### WHAT YOU NEED TO DO:
Leave the images aside and copy out the whole listing, exact to the word.

*** DATASET EXCERPT ***

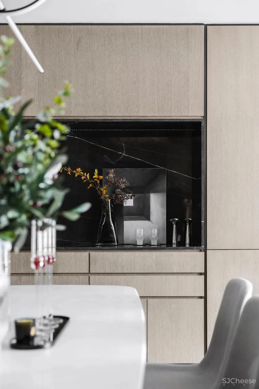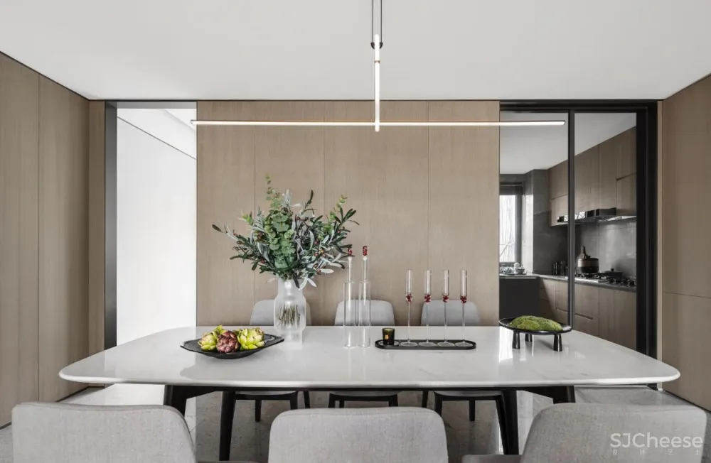 高级感十足的浅灰桌椅与细巧的金属吊灯组合,尺寸慷慨的餐边柜使得整个餐厅视觉效果更加立体轻盈。
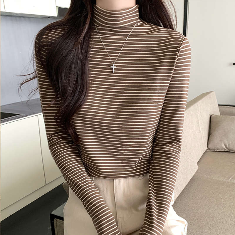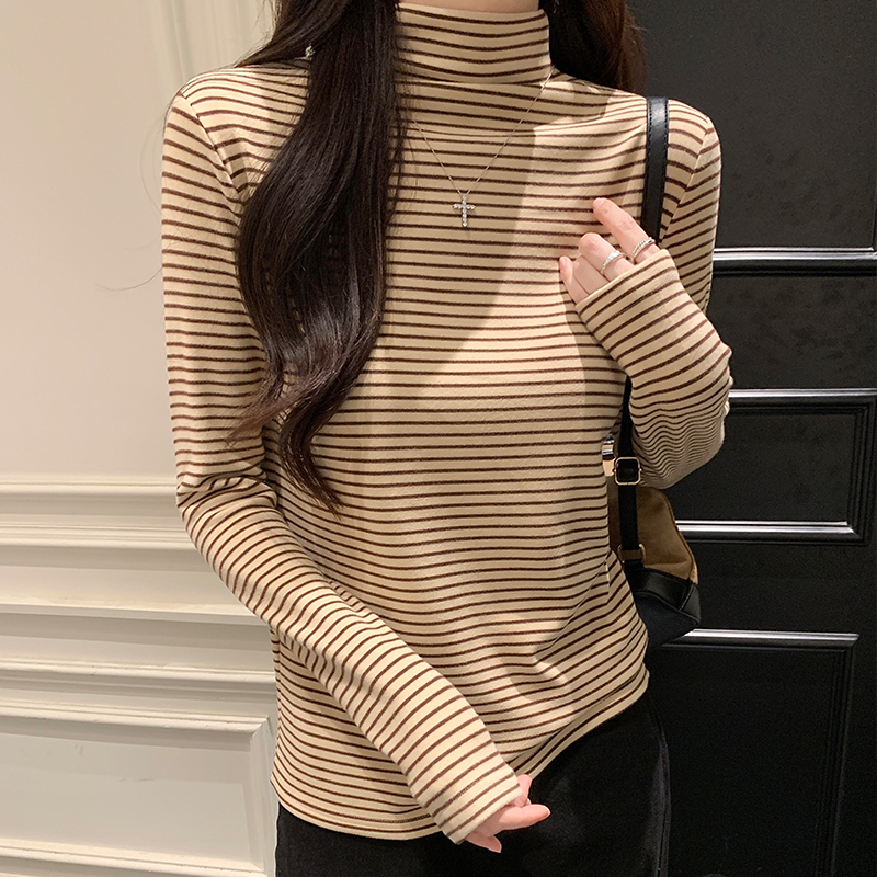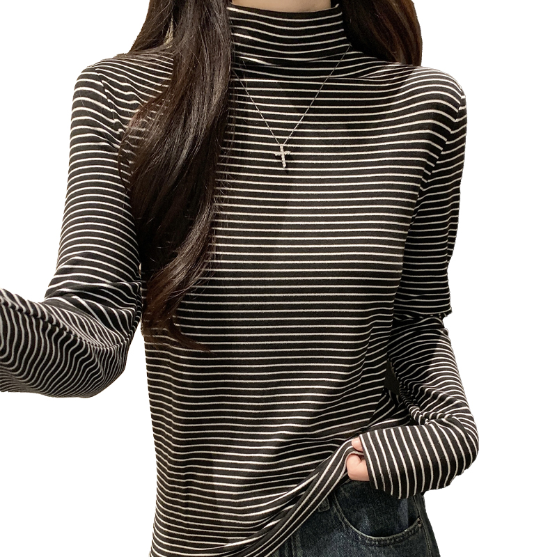 Real Price Real Shot #스프링과 가을의 양면 독일 벨벳베이스에서 여성을위한 긴팔 장점 티셔츠.
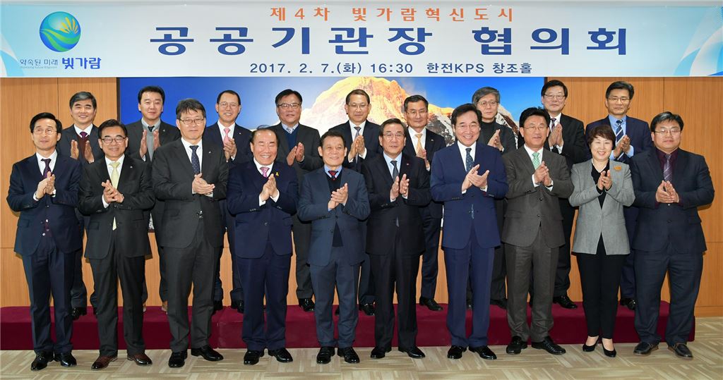 [아시아경제 노해섭 기자]제4차 빛가람혁신도시 공공기관협의회의가 7일 오후 한전KPS㈜ 창조홀에서 개최된 가운데 윤장현 광주광역시장, 이낙연 전남지사, 정의헌 한전KPS㈜ 사장, 장휘국 광주광역시 교육감, 강인규 나주시장, 유대선 국립전파연구원장, 여인홍 한국농수산식품유통공사 사장, 박권식 한국전력공사 본부장, 유상희 한국전력거래소 이사장, 임수경 한전KDN㈜ 사장 등이 기념촬영하고 있다.

*** End of DATASET EXCERPT ***

### RESULT:
 高级感十足的浅灰桌椅与细巧的金属吊灯组合,尺寸慷慨的餐边柜使得整个餐厅视觉效果更加立体轻盈。
 Real Price Real Shot #스프링과 가을의 양면 독일 벨벳베이스에서 여성을위한 긴팔 장점 티셔츠.
 [아시아경제 노해섭 기자]제4차 빛가람혁신도시 공공기관협의회의가 7일 오후 한전KPS㈜ 창조홀에서 개최된 가운데 윤장현 광주광역시장, 이낙연 전남지사, 정의헌 한전KPS㈜ 사장, 장휘국 광주광역시 교육감, 강인규 나주시장, 유대선 국립전파연구원장, 여인홍 한국농수산식품유통공사 사장, 박권식 한국전력공사 본부장, 유상희 한국전력거래소 이사장, 임수경 한전KDN㈜ 사장 등이 기념촬영하고 있다.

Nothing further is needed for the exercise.